EXERCISE: The answer must be an exact copy of the lines from the one with "- 회복: 경우에 따라 항생제 치료 필요, 만성화되면 수술 고려" to the last line of the entries below, both included, and must contain no pictures.

[Entries taken from a collection]
☆ ☆ ☆ ☆ ☆ ☆ ☆

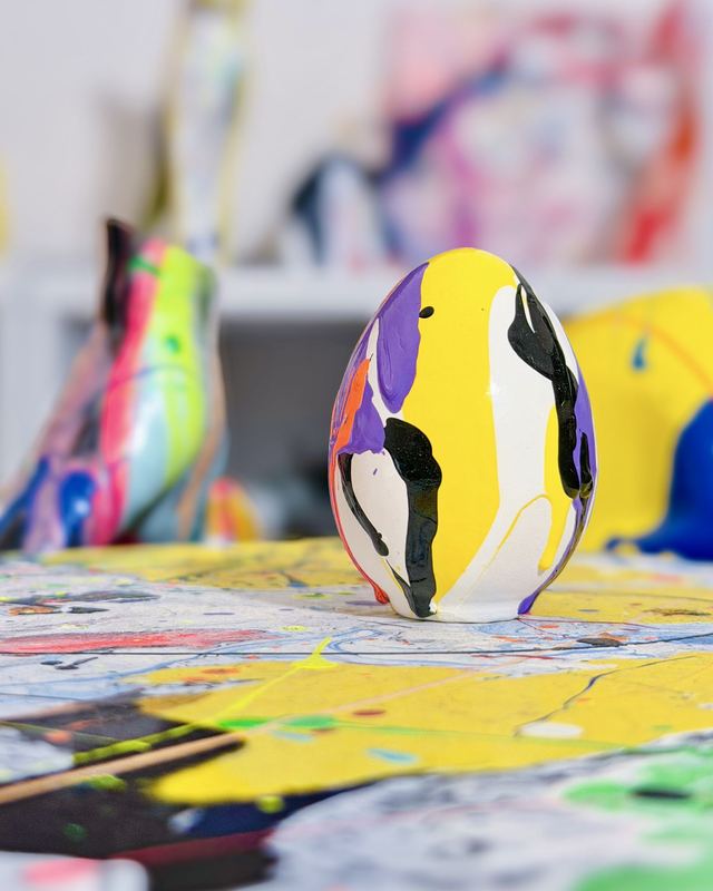 Uovo in terracotta dipinto a mano, pezzo unico. Altezza circa 6cm.
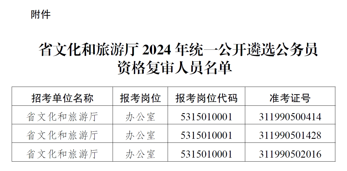 省文化和旅游廳2024年統(tǒng)一公開遴選公務員資格復審公告
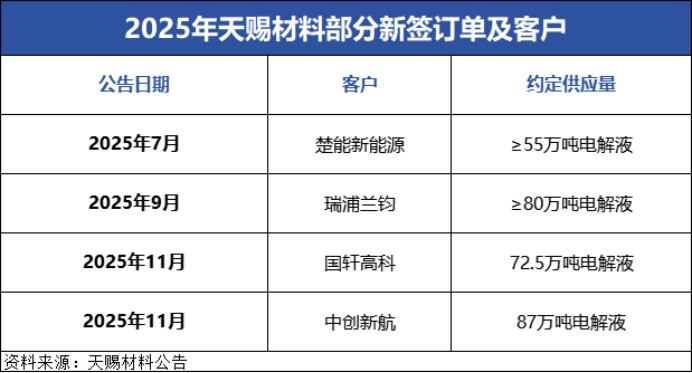 进入2025年后,天赐材料订单更如雪花般来袭。公司接下这泼天富贵,先后与Duksan Electera、楚能新能源、瑞浦兰钧、国轩高科、中创新航签订长供订单,电解液供应量近300万吨。
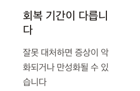 - 회복: 경우에 따라 항생제 치료 필요, 만성화되면 수술 고려
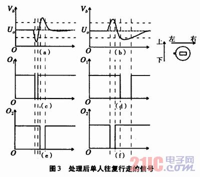紅外熱釋電傳感器BE200B的輸出信號非常微弱,且信號中含有因環(huán)境引起的噪聲信號,所以必須對信號進行濾波放大。在電路中使用LM324構(gòu)成280倍放大電路,并通過電位器R3調(diào)節(jié)偏置電壓,使靜態(tài)輸出電壓盡可能平穩(wěn)于U0(圖3),但此時信號受環(huán)境溫度影響無法保證穩(wěn)定性,所以增加一級微分電路,通過調(diào)節(jié)電位器R11使微分電路靜態(tài)輸出不受環(huán)境溫度影響穩(wěn)定于U0附近,當有人或紅外源從左右方向經(jīng)過傳感器窗口時可以看到微分電路輸出Vb會隨人通過方向不同而不同(圖3(a)(b))。

☆ ☆ ☆ ☆ ☆ ☆ ☆

SOLUTION FOR THIS PROBLEM:
 - 회복: 경우에 따라 항생제 치료 필요, 만성화되면 수술 고려
紅外熱釋電傳感器BE200B的輸出信號非常微弱,且信號中含有因環(huán)境引起的噪聲信號,所以必須對信號進行濾波放大。在電路中使用LM324構(gòu)成280倍放大電路,并通過電位器R3調(diào)節(jié)偏置電壓,使靜態(tài)輸出電壓盡可能平穩(wěn)于U0(圖3),但此時信號受環(huán)境溫度影響無法保證穩(wěn)定性,所以增加一級微分電路,通過調(diào)節(jié)電位器R11使微分電路靜態(tài)輸出不受環(huán)境溫度影響穩(wěn)定于U0附近,當有人或紅外源從左右方向經(jīng)過傳感器窗口時可以看到微分電路輸出Vb會隨人通過方向不同而不同(圖3(a)(b))。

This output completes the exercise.